What the task requires :: Take from the entries below the stretch from the line with "累計検定受講者数、「SNSエ" through the line with "Στη φωτογραφία διακρίνεται", and return it exactly, leaving the pictures out.

Data for the task ::
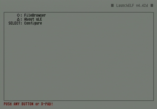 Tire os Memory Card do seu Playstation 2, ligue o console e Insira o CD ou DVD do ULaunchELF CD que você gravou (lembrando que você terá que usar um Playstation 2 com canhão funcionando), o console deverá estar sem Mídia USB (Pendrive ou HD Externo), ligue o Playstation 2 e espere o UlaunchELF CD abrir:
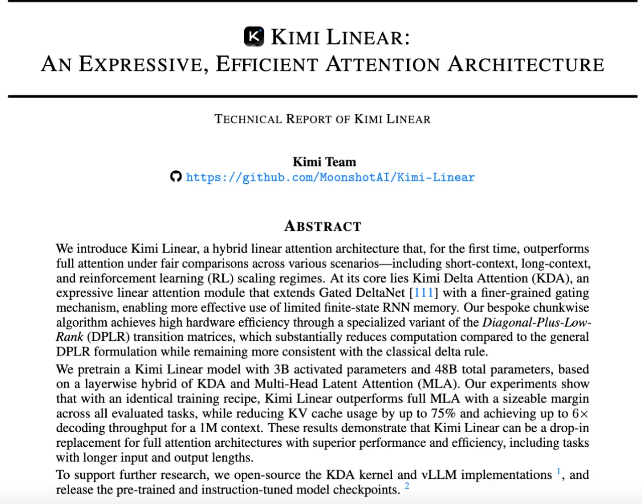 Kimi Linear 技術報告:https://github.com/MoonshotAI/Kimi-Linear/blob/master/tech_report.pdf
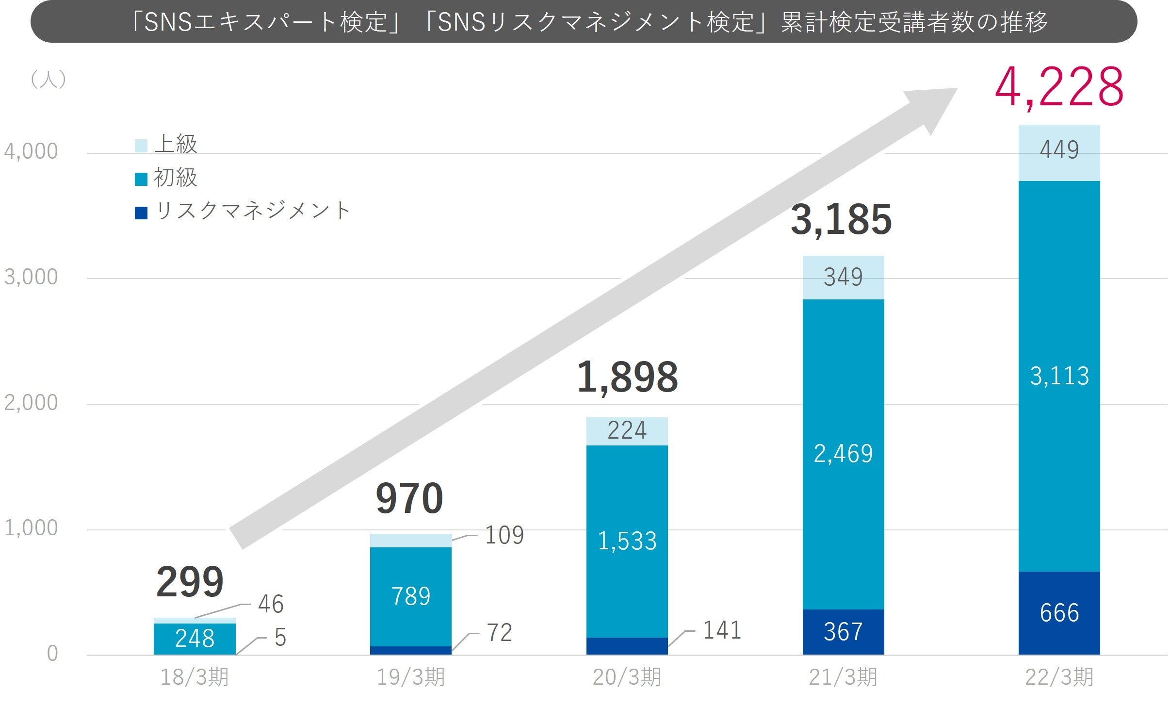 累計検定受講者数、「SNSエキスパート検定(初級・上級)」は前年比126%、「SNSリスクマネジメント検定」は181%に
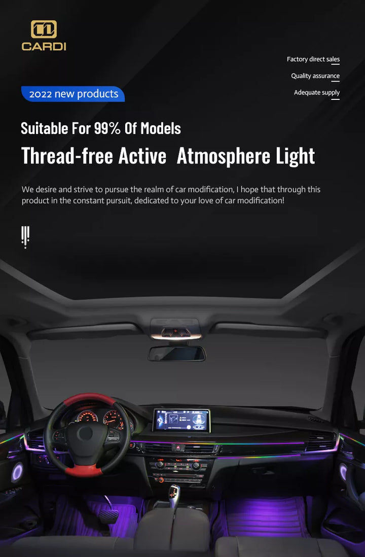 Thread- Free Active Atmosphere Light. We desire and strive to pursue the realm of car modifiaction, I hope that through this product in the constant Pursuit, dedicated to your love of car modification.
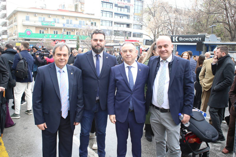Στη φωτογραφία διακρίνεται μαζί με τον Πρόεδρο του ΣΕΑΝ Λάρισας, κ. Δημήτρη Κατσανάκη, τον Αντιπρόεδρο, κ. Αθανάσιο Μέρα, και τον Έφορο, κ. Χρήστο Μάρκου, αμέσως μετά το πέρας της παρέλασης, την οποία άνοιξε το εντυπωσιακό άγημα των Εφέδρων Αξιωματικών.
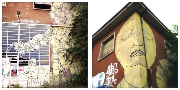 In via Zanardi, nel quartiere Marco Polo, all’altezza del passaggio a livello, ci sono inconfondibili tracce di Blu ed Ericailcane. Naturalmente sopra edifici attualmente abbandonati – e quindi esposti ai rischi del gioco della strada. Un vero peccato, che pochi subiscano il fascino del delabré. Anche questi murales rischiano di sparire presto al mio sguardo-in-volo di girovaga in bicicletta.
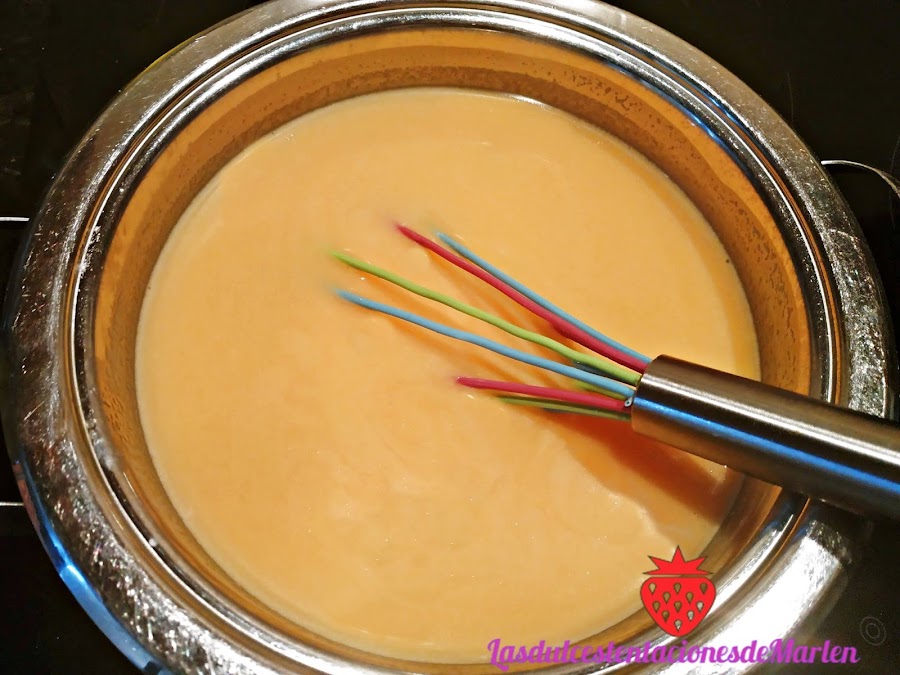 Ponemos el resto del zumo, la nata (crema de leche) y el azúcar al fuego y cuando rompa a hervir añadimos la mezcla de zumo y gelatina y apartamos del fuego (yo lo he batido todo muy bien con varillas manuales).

Exercise response ::
 累計検定受講者数、「SNSエキスパート検定(初級・上級)」は前年比126%、「SNSリスクマネジメント検定」は181%に
 Thread- Free Active Atmosphere Light. We desire and strive to pursue the realm of car modifiaction, I hope that through this product in the constant Pursuit, dedicated to your love of car modification.
Στη φωτογραφία διακρίνεται μαζί με τον Πρόεδρο του ΣΕΑΝ Λάρισας, κ. Δημήτρη Κατσανάκη, τον Αντιπρόεδρο, κ. Αθανάσιο Μέρα, και τον Έφορο, κ. Χρήστο Μάρκου, αμέσως μετά το πέρας της παρέλασης, την οποία άνοιξε το εντυπωσιακό άγημα των Εφέδρων Αξιωματικών.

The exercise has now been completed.